─── INFORMATION PROVIDED ───

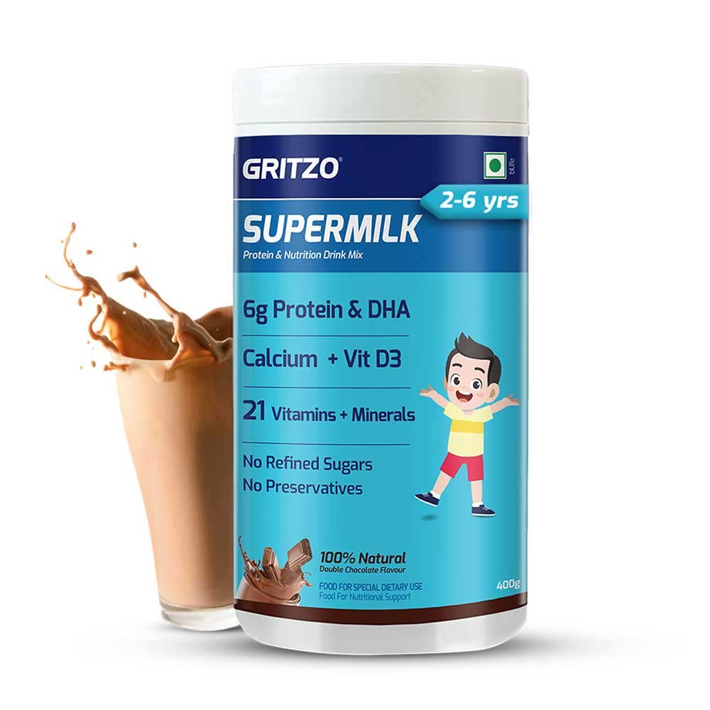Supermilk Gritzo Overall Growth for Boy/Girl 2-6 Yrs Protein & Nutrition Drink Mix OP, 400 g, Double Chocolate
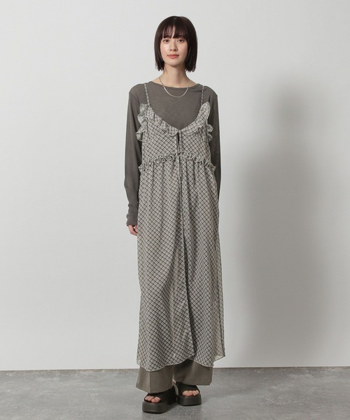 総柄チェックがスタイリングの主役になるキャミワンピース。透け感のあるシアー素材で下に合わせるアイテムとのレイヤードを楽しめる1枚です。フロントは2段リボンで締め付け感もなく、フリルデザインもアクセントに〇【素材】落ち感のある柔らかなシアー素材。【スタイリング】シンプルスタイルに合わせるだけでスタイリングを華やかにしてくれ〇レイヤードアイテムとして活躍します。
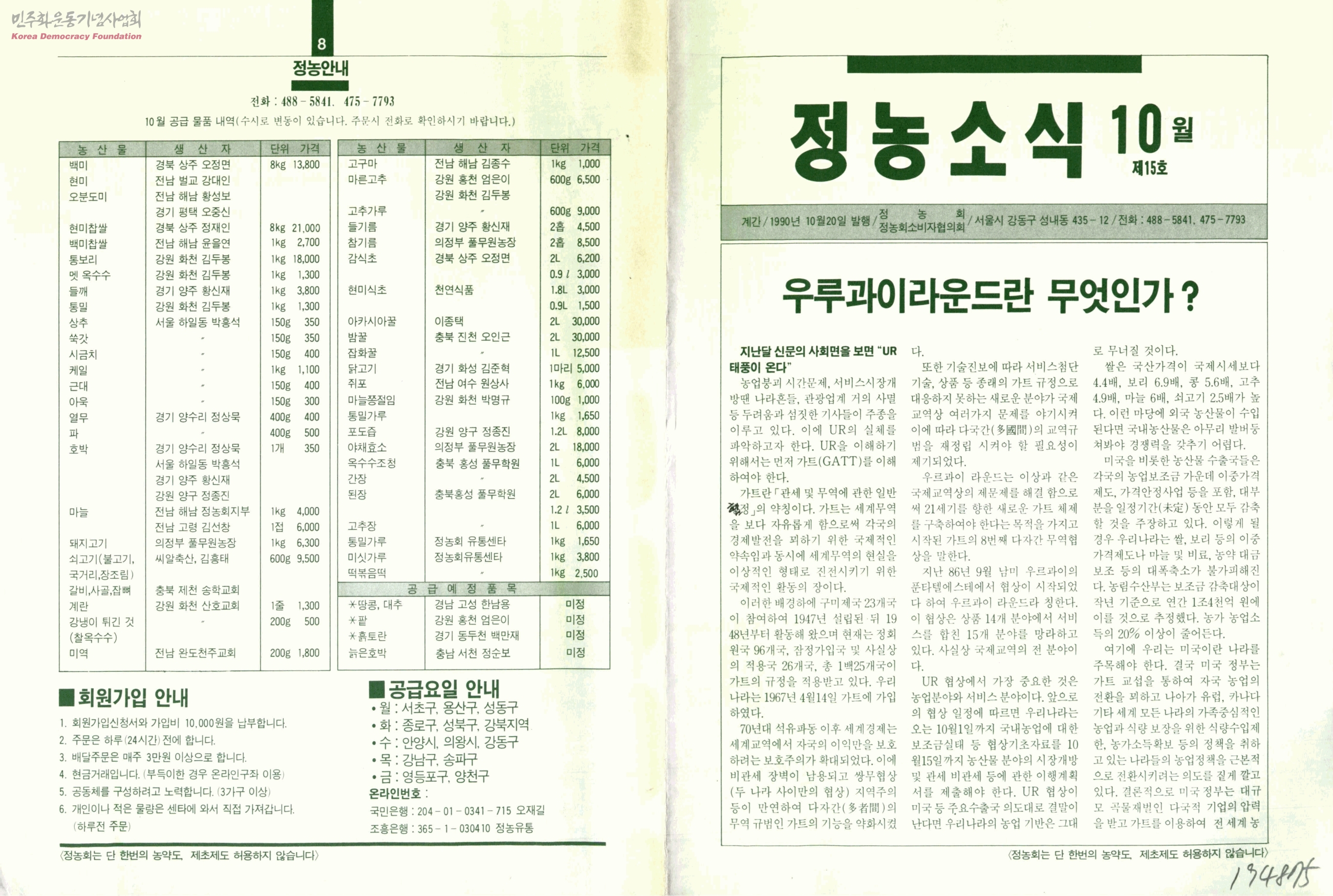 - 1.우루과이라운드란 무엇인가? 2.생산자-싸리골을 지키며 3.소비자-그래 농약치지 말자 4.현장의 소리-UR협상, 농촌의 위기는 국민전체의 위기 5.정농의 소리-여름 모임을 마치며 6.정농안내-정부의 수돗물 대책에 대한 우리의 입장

───

PROBLEM TO WORK ON
Quote the material in full and exactly; do not carry over its pictures.

OUTPUT OF THE EXERCISE
Supermilk Gritzo Overall Growth for Boy/Girl 2-6 Yrs Protein & Nutrition Drink Mix OP, 400 g, Double Chocolate
 総柄チェックがスタイリングの主役になるキャミワンピース。透け感のあるシアー素材で下に合わせるアイテムとのレイヤードを楽しめる1枚です。フロントは2段リボンで締め付け感もなく、フリルデザインもアクセントに〇【素材】落ち感のある柔らかなシアー素材。【スタイリング】シンプルスタイルに合わせるだけでスタイリングを華やかにしてくれ〇レイヤードアイテムとして活躍します。
 - 1.우루과이라운드란 무엇인가? 2.생산자-싸리골을 지키며 3.소비자-그래 농약치지 말자 4.현장의 소리-UR협상, 농촌의 위기는 국민전체의 위기 5.정농의 소리-여름 모임을 마치며 6.정농안내-정부의 수돗물 대책에 대한 우리의 입장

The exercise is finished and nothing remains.